** Opening Material supplied block **

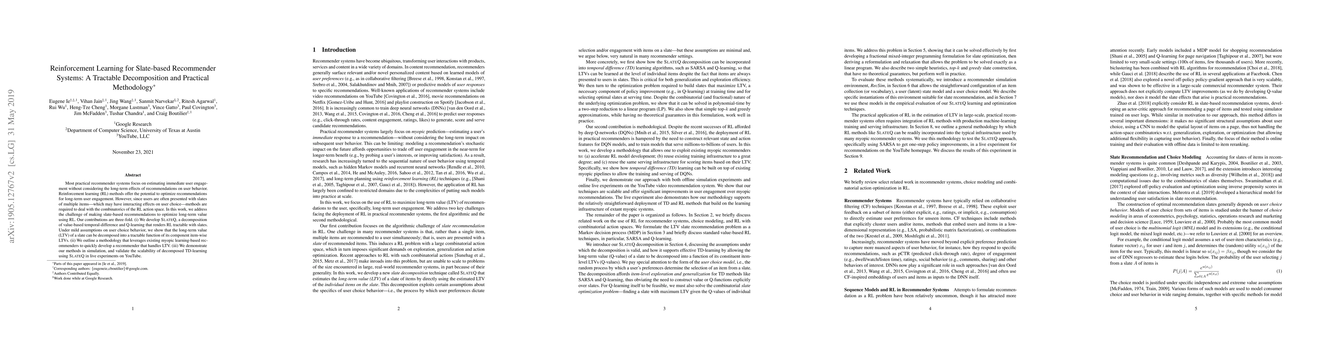 This paper proposes SLATEQ, a reinforcement learning method to optimize slate-based recommendations for long-term user engagement, decomposing the long-term value of a slate into manageable components. It also presents a practical methodology integrating existing recommenders and validates its effectiveness through simulations and live experiments on YouTube.
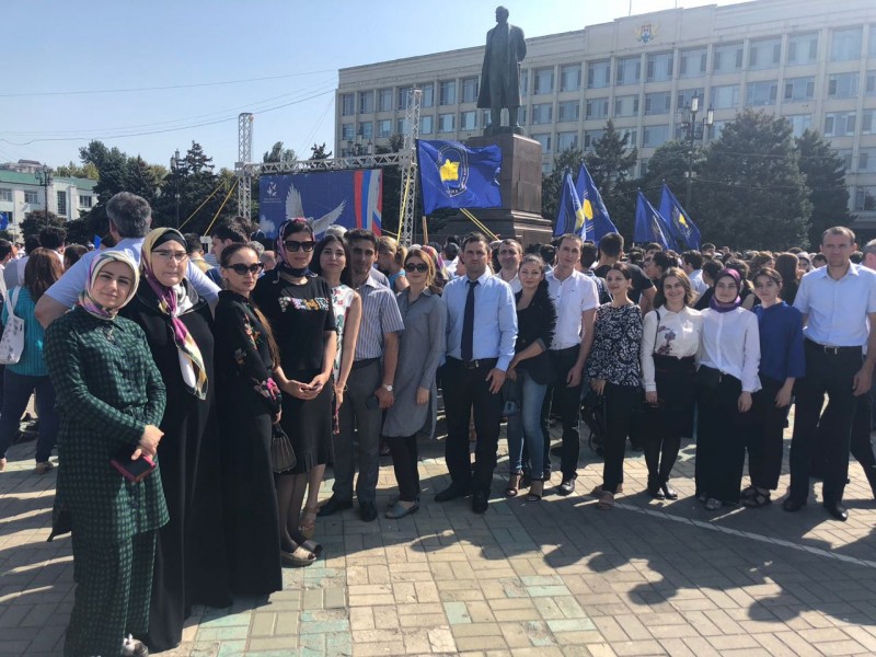 На центральной площади Махачкалы собрались представители органов власти, студенты учебных заведений, активисты общественных, религиозных и молодежных организаций, региональных отделений политических партий, чтобы отдать дань уважения жертвам терактов и людям, пожертвовавшим своими жизнями во благо Родины и народа. Здесь же участники акции выстроились «живой» фразой «НЕТ ТЕРРОРУ». После минуты молчания в память о жертвах террористических актов в различных городах России участники мероприятия запустили в небо белые воздушные шары.
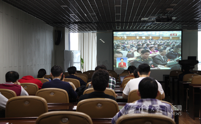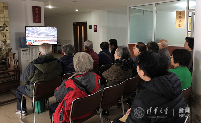 校领导和专家学者在工字厅东厅集中收看人大开幕 李派
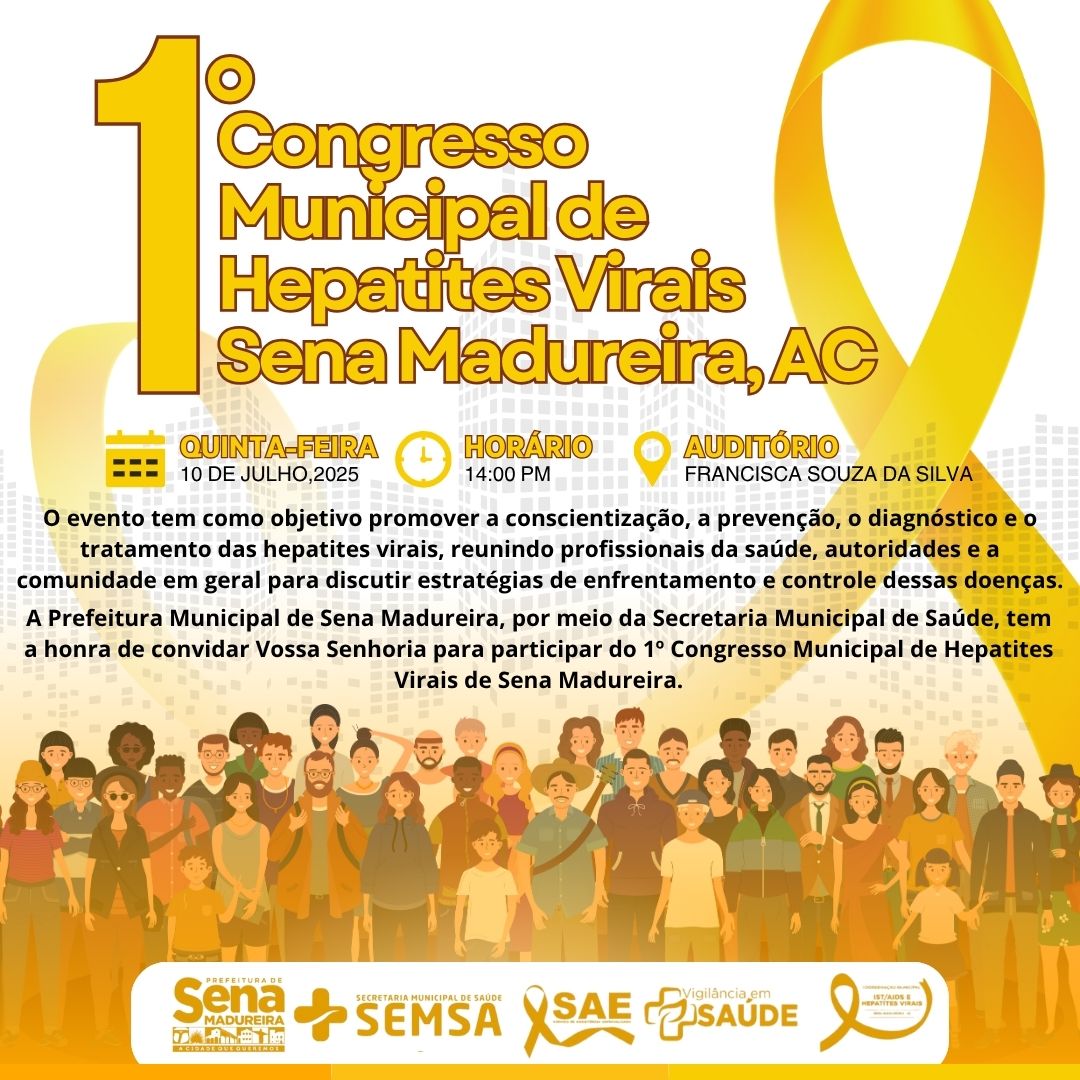 A Prefeitura de Sena Madureira, por meio da Secretaria Municipal de Saúde (SEMSA), promove nesta quinta-feira, 10 de julho de 2025, o 1º Congresso Municipal de Hepatites Virais, com início às 14h, no auditório Francisca Souza da Silva.
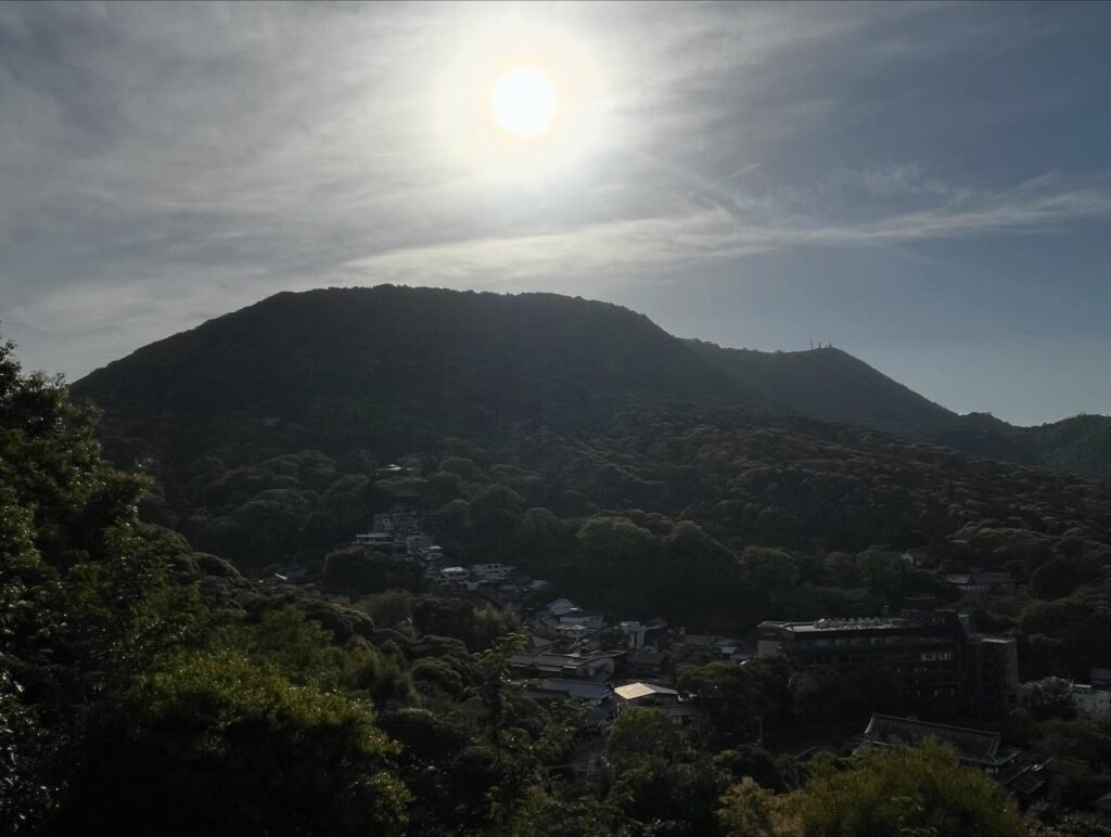 夕日の中、先ほどまでいた大麻山と象頭山を眺めることができます。
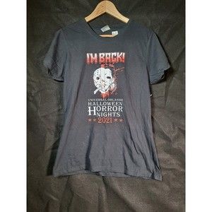 1 NWOT Womens Medium 2021 Universal Orlando Halloween Horror Nights TShirt with Michael Myers, Pennywise, Leather face and Jason.
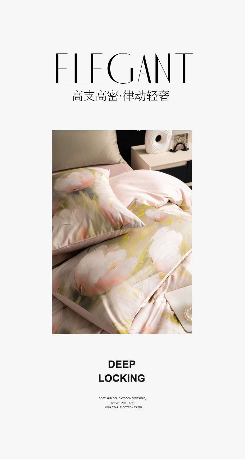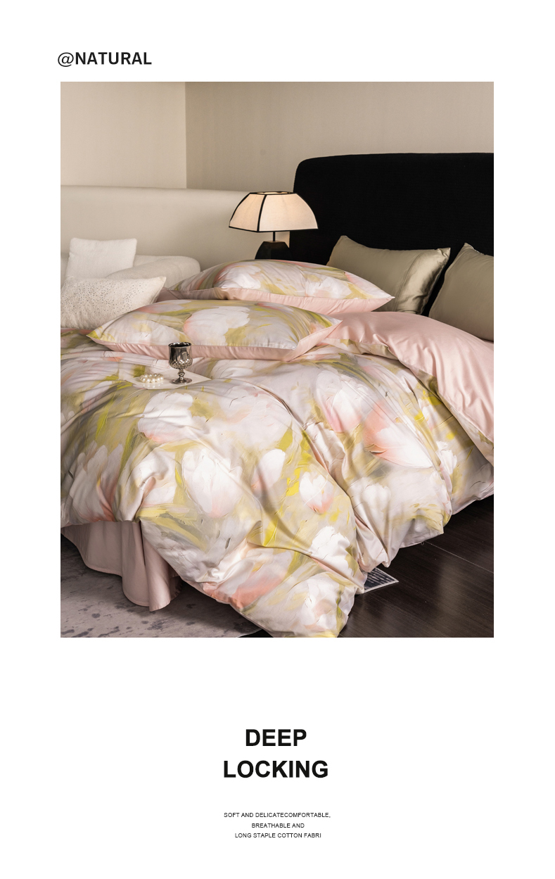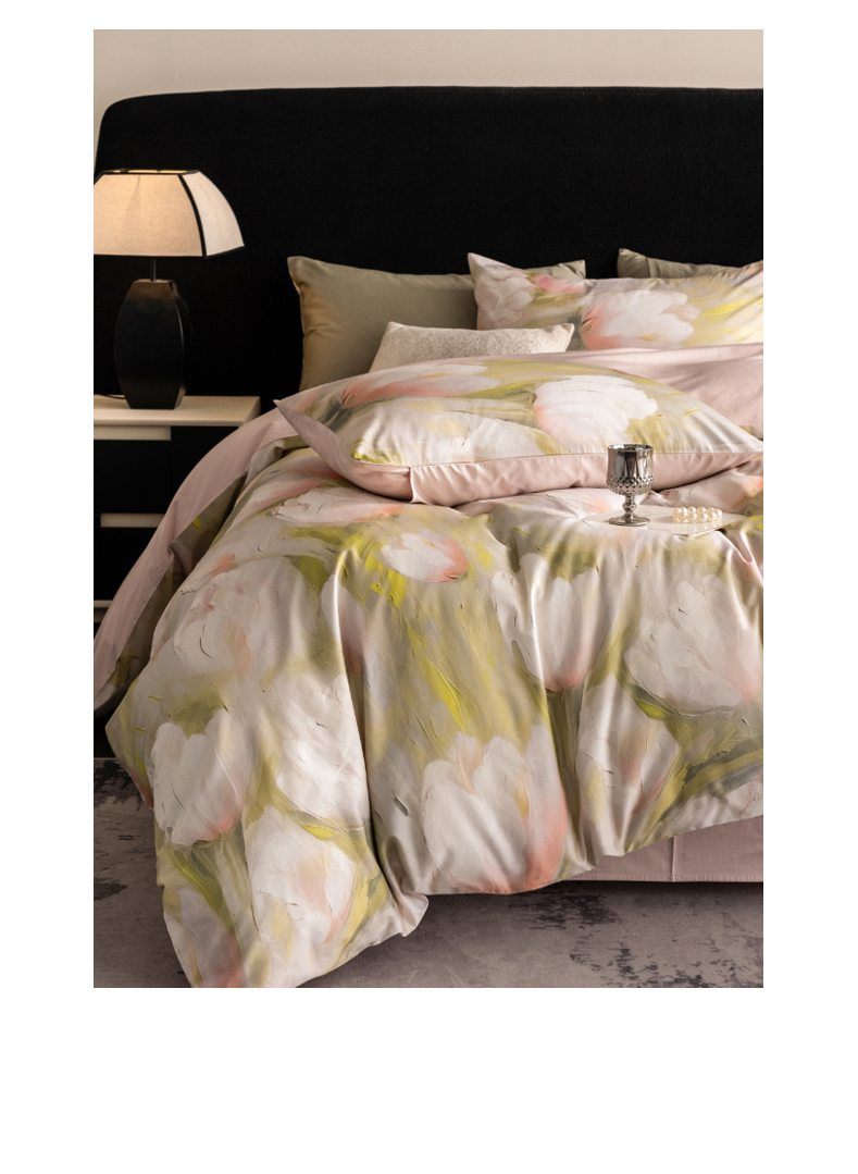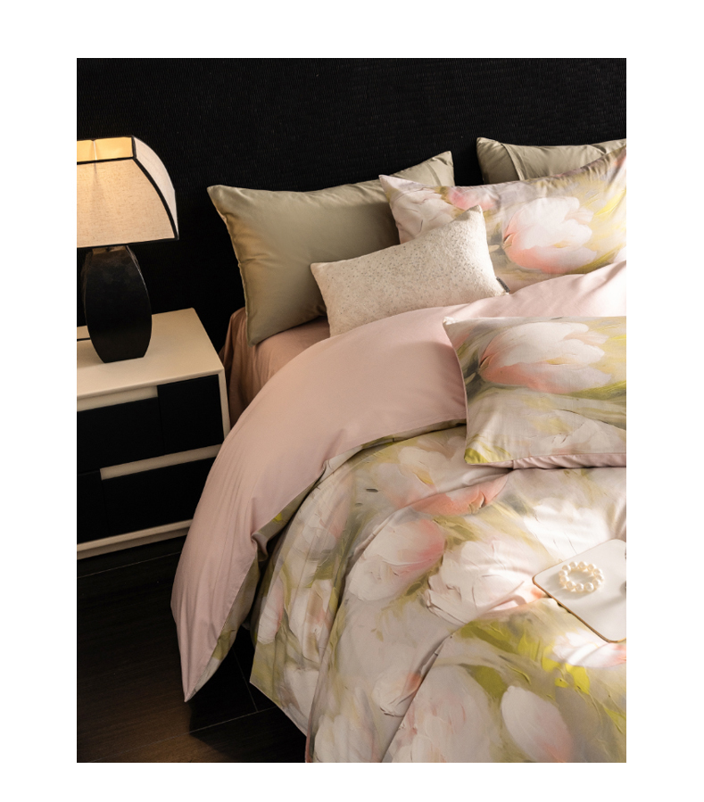 商品名称:立奥被业 2025新款60S数码印花四件套四件套 郁金香粉
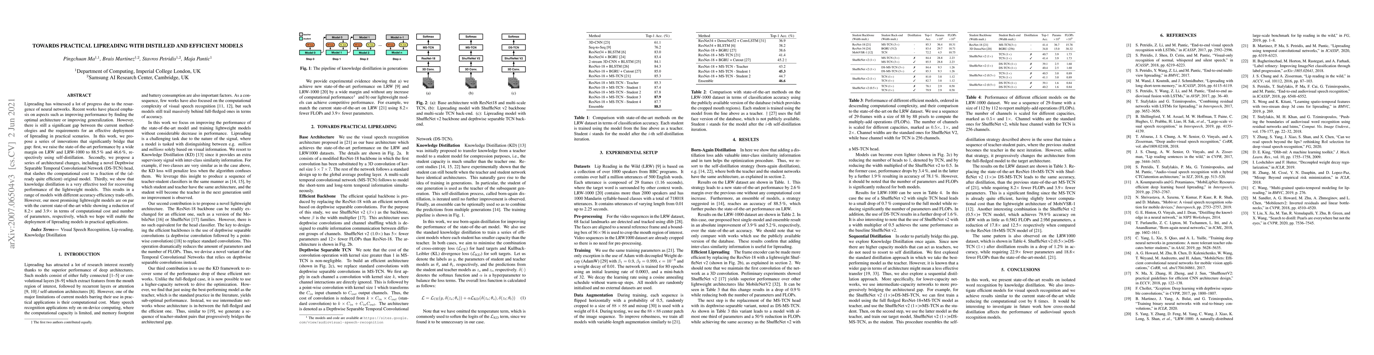 Lipreading has witnessed a lot of progress due to the resurgence of neural networks. Recent works have placed emphasis on aspects such as improving performance by finding the optimal architecture or improving generalization. However, there is still a significant gap between the current methodologies and the requirements for an effective deployment of lipreading in practical scenarios. In this work, we propose a series of innovations that significantly bridge that gap: first, we raise the state-of-the-art performance by a wide margin on LRW and LRW-1000 to 88.5% and 46.6%, respectively using self-distillation. Secondly, we propose a series of architectural changes, including a novel Depthwise Separable Temporal Convolutional Network (DS-TCN) head, that slashes the computational cost to a fraction of the (already quite efficient) original model. Thirdly, we show that knowledge distillation is a very effective tool for recovering performance of the lightweight models. This results in a range of models with different accuracy-efficiency trade-offs. However, our most promising lightweight models are on par with the current state-of-the-art while showing a reduction of 8.2x and 3.9x in terms of computational cost and number of parameters, respectively, which we hope will enable the deployment of lipreading models in practical applications.
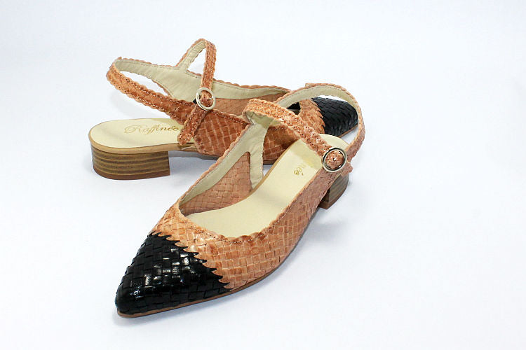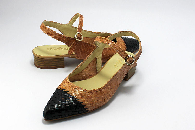 Raffinee 'Samara' camel woven leather backless sandal with a black toe. Adjustable ankle strap in camel, leather-lined, leather soles and a 1 inch heel.
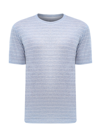 Eleventy Футболка из дышащего льна и хлопка с узором в полоску 246925 (голубой, lpn25978671)
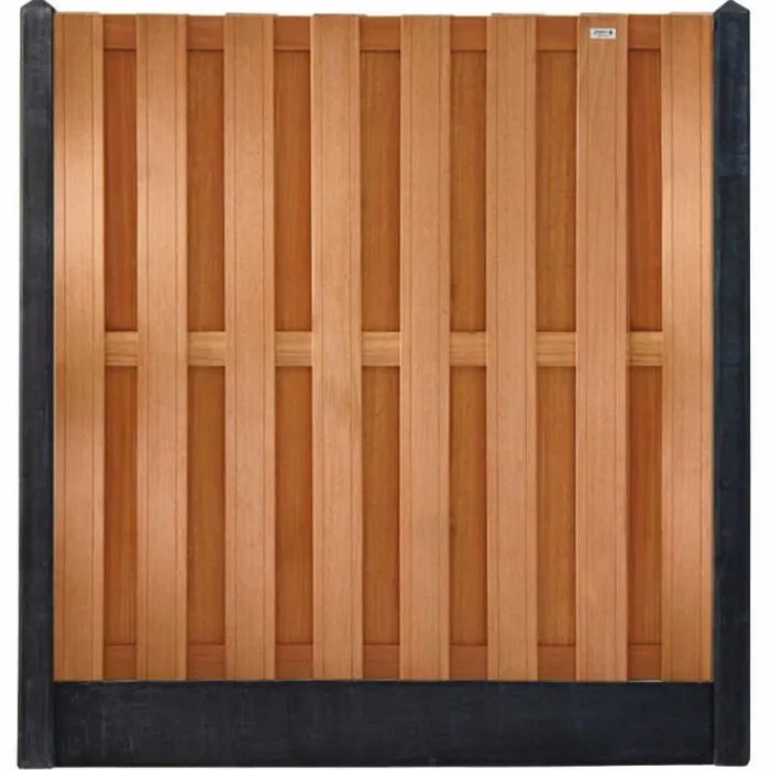 Hout & Beton schutting zwart | hardhout Bankirai Timber recht 15L (180 x 180 cm) v-groef schermdikte 3,9 cm. Gecombineerd met zwarte betonpalen en een zwarte latei. Hierdoor kom je uit op 197 x 200 cm.
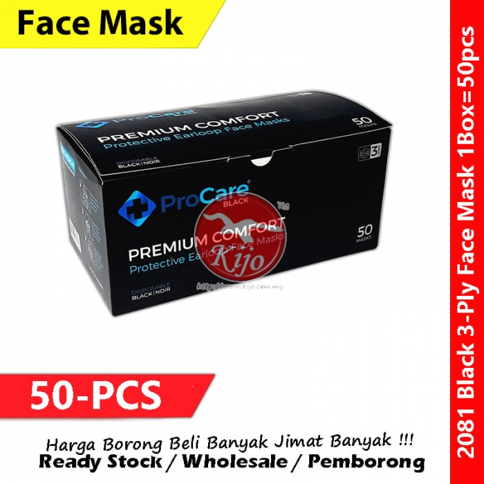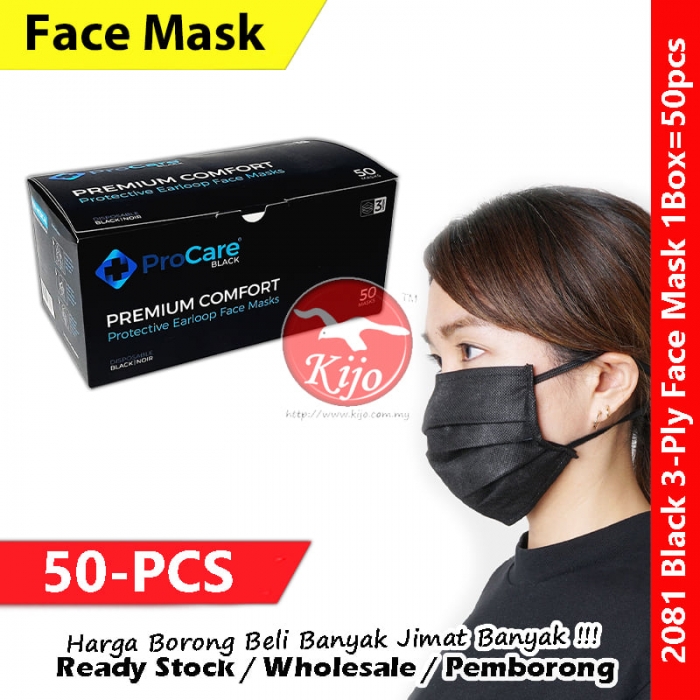 【50-PCS】Black 3-Ply Face Mask Disposable Premium Comfort Face Mask #3ply #EarLoop #FaceMask #Black #2081 #黑色口罩 #ProCare

** Closing Material supplied block **

An exact copy is needed. It runs from the line above containing "На центральной площади" down to the line containing "商品名称:立奥被业 2025新款60S数码印花四件套四件套 郁金香粉", both included, with no pictures.

» Worked solution
 На центральной площади Махачкалы собрались представители органов власти, студенты учебных заведений, активисты общественных, религиозных и молодежных организаций, региональных отделений политических партий, чтобы отдать дань уважения жертвам терактов и людям, пожертвовавшим своими жизнями во благо Родины и народа. Здесь же участники акции выстроились «живой» фразой «НЕТ ТЕРРОРУ». После минуты молчания в память о жертвах террористических актов в различных городах России участники мероприятия запустили в небо белые воздушные шары.
 校领导和专家学者在工字厅东厅集中收看人大开幕 李派
 A Prefeitura de Sena Madureira, por meio da Secretaria Municipal de Saúde (SEMSA), promove nesta quinta-feira, 10 de julho de 2025, o 1º Congresso Municipal de Hepatites Virais, com início às 14h, no auditório Francisca Souza da Silva.
 夕日の中、先ほどまでいた大麻山と象頭山を眺めることができます。
 1 NWOT Womens Medium 2021 Universal Orlando Halloween Horror Nights TShirt with Michael Myers, Pennywise, Leather face and Jason.
 商品名称:立奥被业 2025新款60S数码印花四件套四件套 郁金香粉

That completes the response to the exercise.